Article 234 decies A

French General Tax CodeIn force

Updated 8 Nov 2023

I. - Taxpayers who have been subject, for the same property, to the contribution in respect of the income mentioned in article 234 ter and, where applicable, to that provided for in article 234 nonies, and the registration duties provided for in articles 736 to 741 bis for the period running from 1 January to 30 September 1998, must enter, on the declaration provided for in article 170 relating to 1999, the basis of these registration duties corresponding to the period previously defined, excluding the basis of the duties for which the application for relief provided for in article 234 decies was formulated before 1 January 2000.

II. - The taxpayers mentioned in I are entitled to a tax credit equal to 2.5% of the base amount of the registration duties mentioned in articles 736 to 741, declared in accordance with the conditions set out in I. This tax credit is deducted from the income tax due in respect of 1999 for persons whose total net revenue as defined in the second paragraph of I of article 234 ter does not exceed F60,000 for 1999 and from the income tax due in respect of 2000 for other persons.

This credit is deducted from the income tax due, after deducting the tax reductions mentioned in articles 199 quater B to 200, the tax credit, tax credits or non-dischargeable deductions.
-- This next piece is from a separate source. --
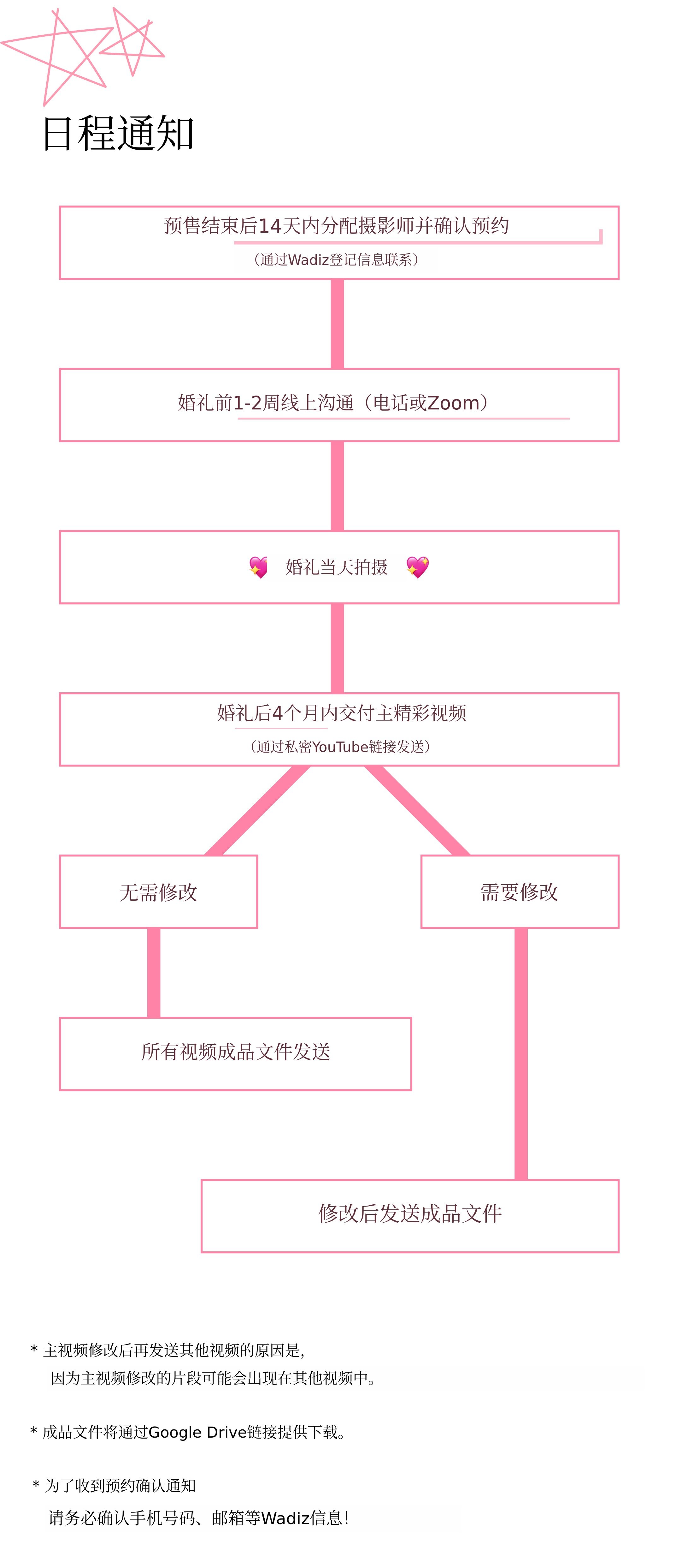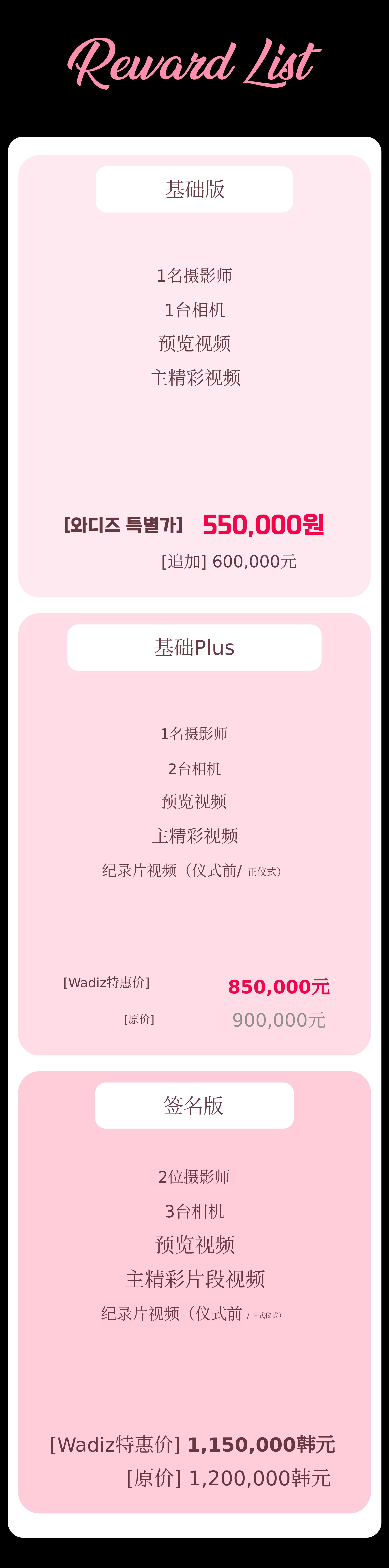 *婚礼日期已确定的支持者,在预约购买结束及最终支付结束时,我们会通过登记的信息将预约确认信息通过KakaoTalk单独通知每位支持者。

If it exceeds the tax due, the excess is refunded.

III. - 1. At their request, the taxpayers mentioned in I benefit, in the event of cessation or interruption, as from 1st January 1998, of the rental of a property the income from which was subject to the registration duty provided for in article 741 bis, from a tax credit equal to the amount of the aforementioned registration duty paid in respect of this rental for the period running from 1st January to 30 September 1998.

2. The request provided for in 1 must be attached to the declaration mentioned in article 170, relating to the year during which the cessation or interruption of the rental occurred.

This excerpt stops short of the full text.